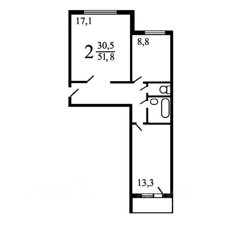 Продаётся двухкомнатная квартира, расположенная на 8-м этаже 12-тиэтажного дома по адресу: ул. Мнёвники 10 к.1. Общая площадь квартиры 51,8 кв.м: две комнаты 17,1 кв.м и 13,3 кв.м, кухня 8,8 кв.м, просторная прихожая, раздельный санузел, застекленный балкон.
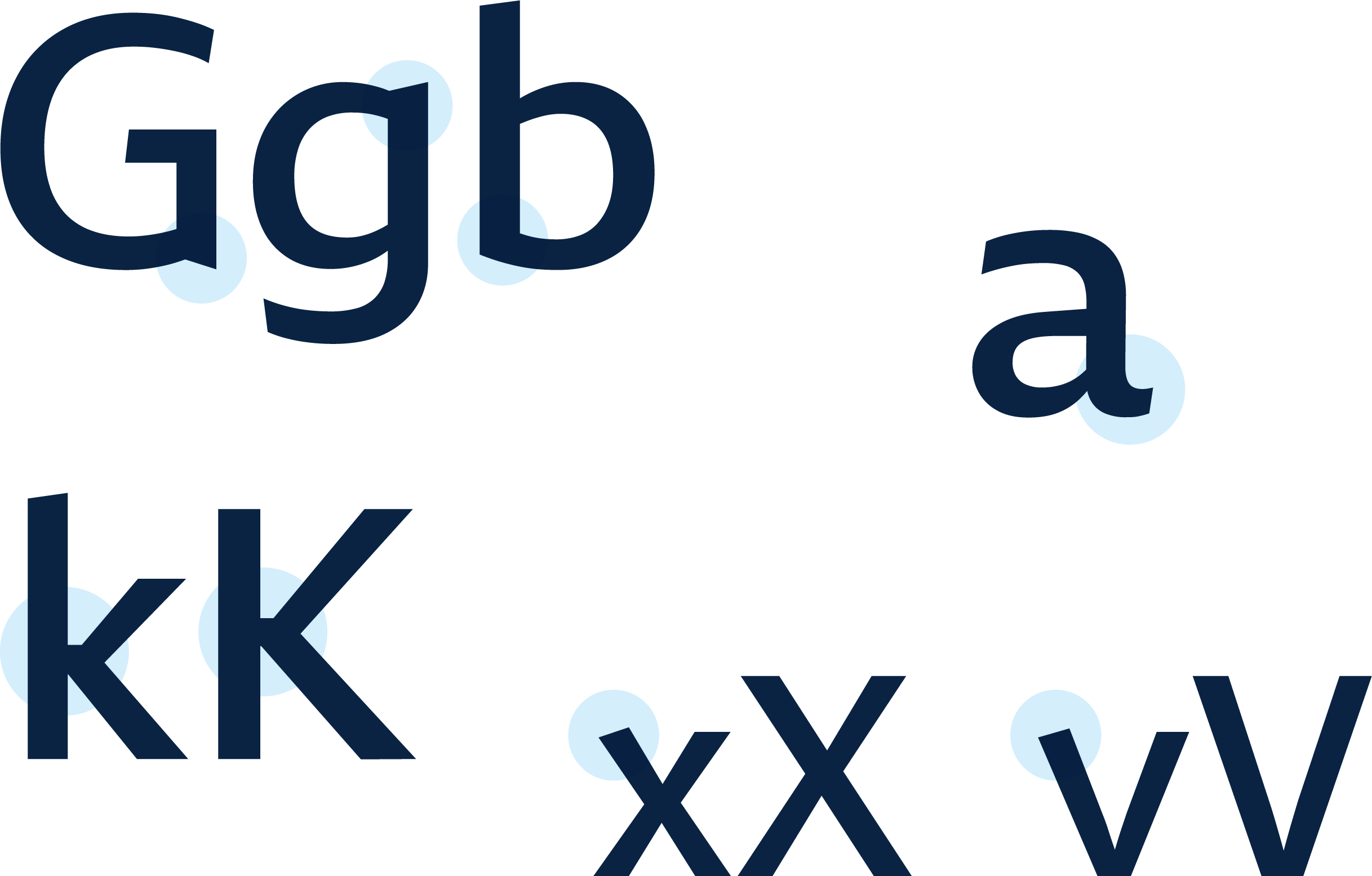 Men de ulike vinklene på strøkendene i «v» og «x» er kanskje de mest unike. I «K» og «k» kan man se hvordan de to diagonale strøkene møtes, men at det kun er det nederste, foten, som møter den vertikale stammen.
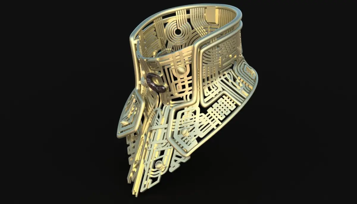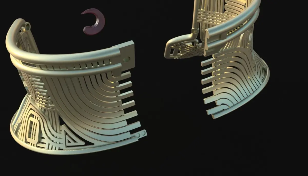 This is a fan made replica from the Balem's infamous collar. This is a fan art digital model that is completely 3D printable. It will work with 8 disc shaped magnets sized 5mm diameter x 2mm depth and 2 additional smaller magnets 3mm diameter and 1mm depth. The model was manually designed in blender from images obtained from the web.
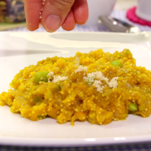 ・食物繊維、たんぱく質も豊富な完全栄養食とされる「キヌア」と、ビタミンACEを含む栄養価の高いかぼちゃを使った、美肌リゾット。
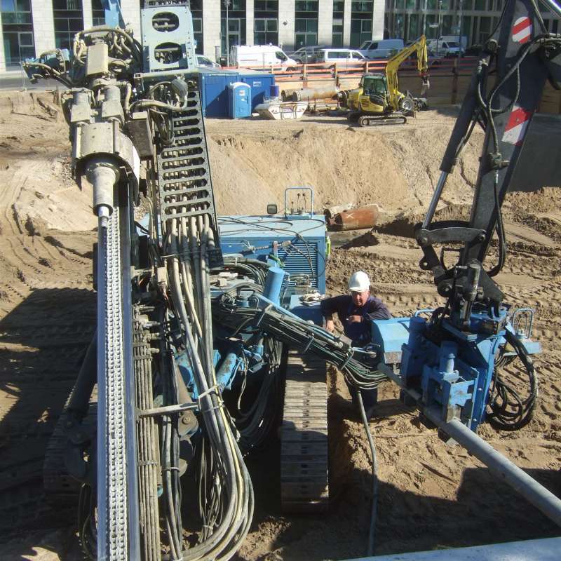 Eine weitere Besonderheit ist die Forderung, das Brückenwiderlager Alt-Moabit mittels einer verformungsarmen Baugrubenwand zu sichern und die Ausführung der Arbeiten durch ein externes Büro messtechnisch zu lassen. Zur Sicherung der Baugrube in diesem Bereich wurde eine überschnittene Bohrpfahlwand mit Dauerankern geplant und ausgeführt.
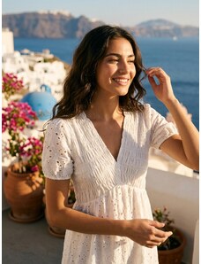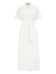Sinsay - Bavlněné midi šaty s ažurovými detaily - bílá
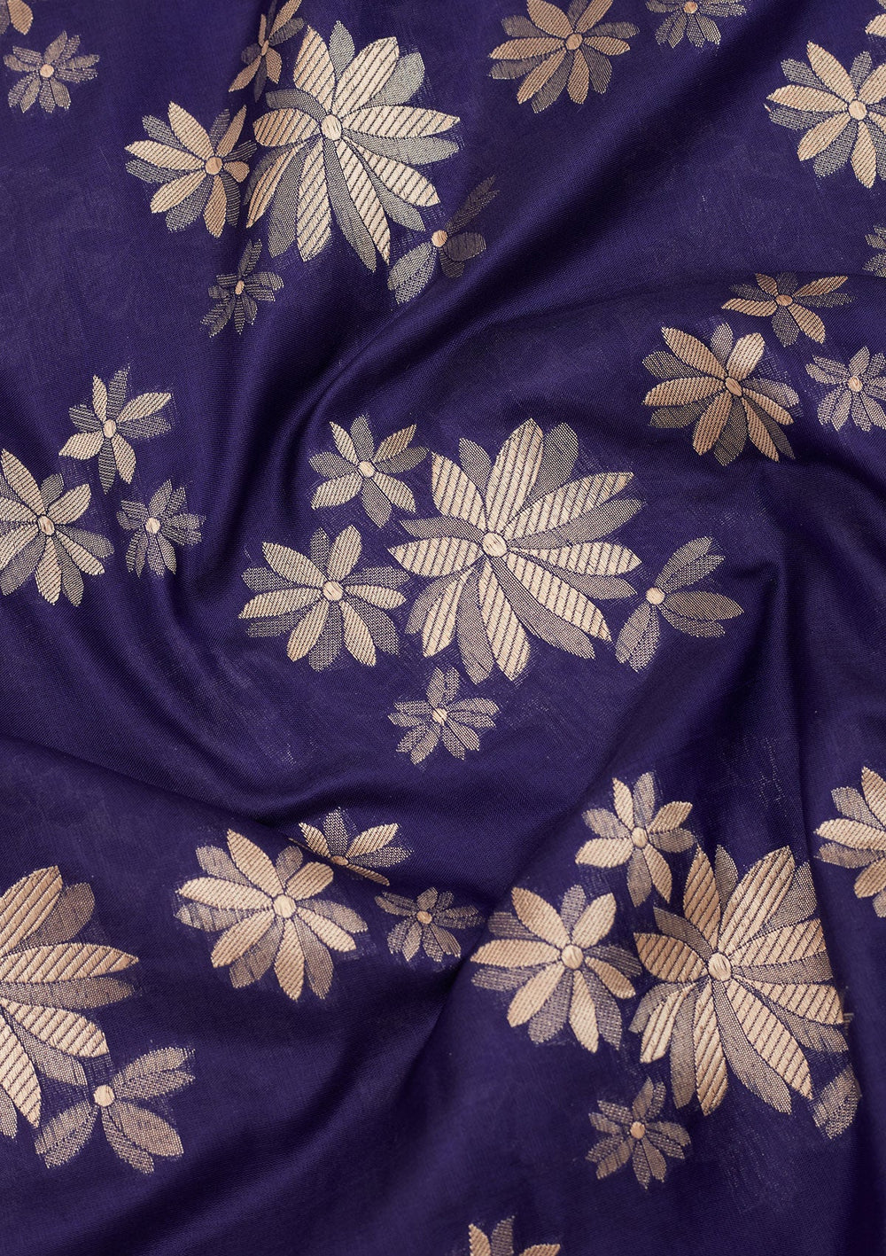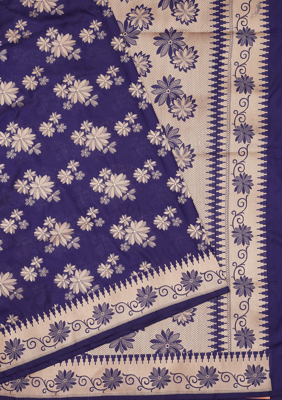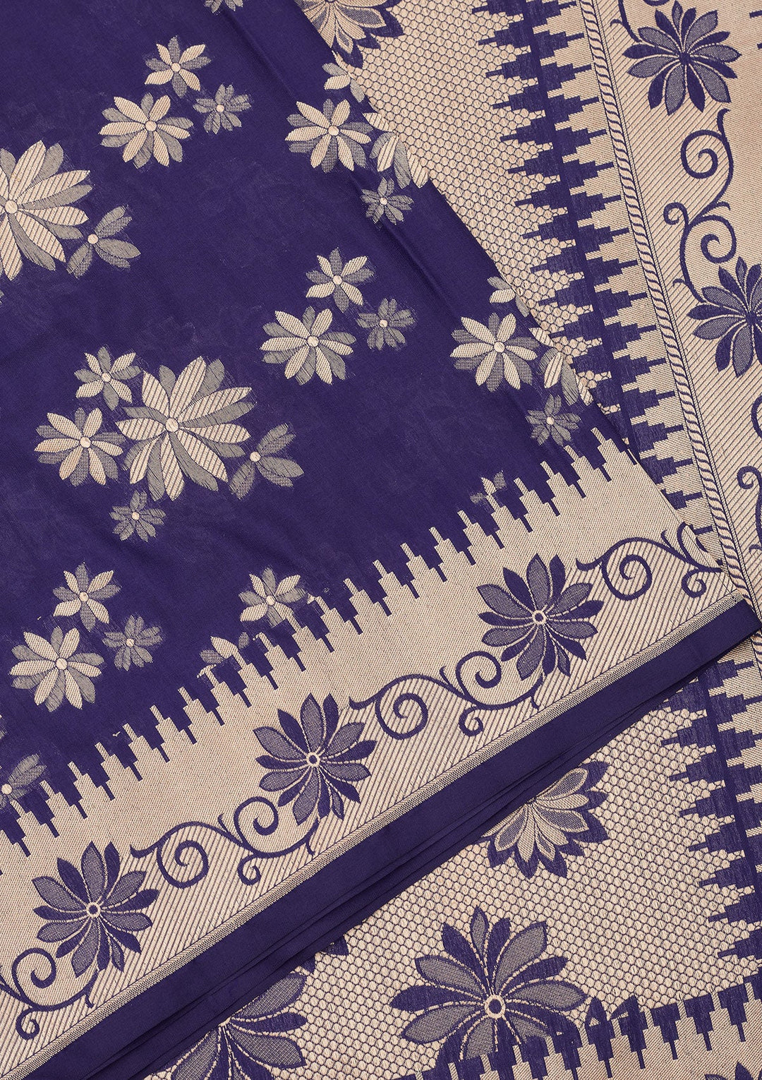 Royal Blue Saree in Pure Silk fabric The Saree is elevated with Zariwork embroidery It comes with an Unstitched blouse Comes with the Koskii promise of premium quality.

==*==

An exact reproduction of the data above is required, with every picture removed.

— Exercise response —
 Продаётся двухкомнатная квартира, расположенная на 8-м этаже 12-тиэтажного дома по адресу: ул. Мнёвники 10 к.1. Общая площадь квартиры 51,8 кв.м: две комнаты 17,1 кв.м и 13,3 кв.м, кухня 8,8 кв.м, просторная прихожая, раздельный санузел, застекленный балкон.
 Men de ulike vinklene på strøkendene i «v» og «x» er kanskje de mest unike. I «K» og «k» kan man se hvordan de to diagonale strøkene møtes, men at det kun er det nederste, foten, som møter den vertikale stammen.
 This is a fan made replica from the Balem's infamous collar. This is a fan art digital model that is completely 3D printable. It will work with 8 disc shaped magnets sized 5mm diameter x 2mm depth and 2 additional smaller magnets 3mm diameter and 1mm depth. The model was manually designed in blender from images obtained from the web.
 ・食物繊維、たんぱく質も豊富な完全栄養食とされる「キヌア」と、ビタミンACEを含む栄養価の高いかぼちゃを使った、美肌リゾット。
 Eine weitere Besonderheit ist die Forderung, das Brückenwiderlager Alt-Moabit mittels einer verformungsarmen Baugrubenwand zu sichern und die Ausführung der Arbeiten durch ein externes Büro messtechnisch zu lassen. Zur Sicherung der Baugrube in diesem Bereich wurde eine überschnittene Bohrpfahlwand mit Dauerankern geplant und ausgeführt.
Sinsay - Bavlněné midi šaty s ažurovými detaily - bílá
 Royal Blue Saree in Pure Silk fabric The Saree is elevated with Zariwork embroidery It comes with an Unstitched blouse Comes with the Koskii promise of premium quality.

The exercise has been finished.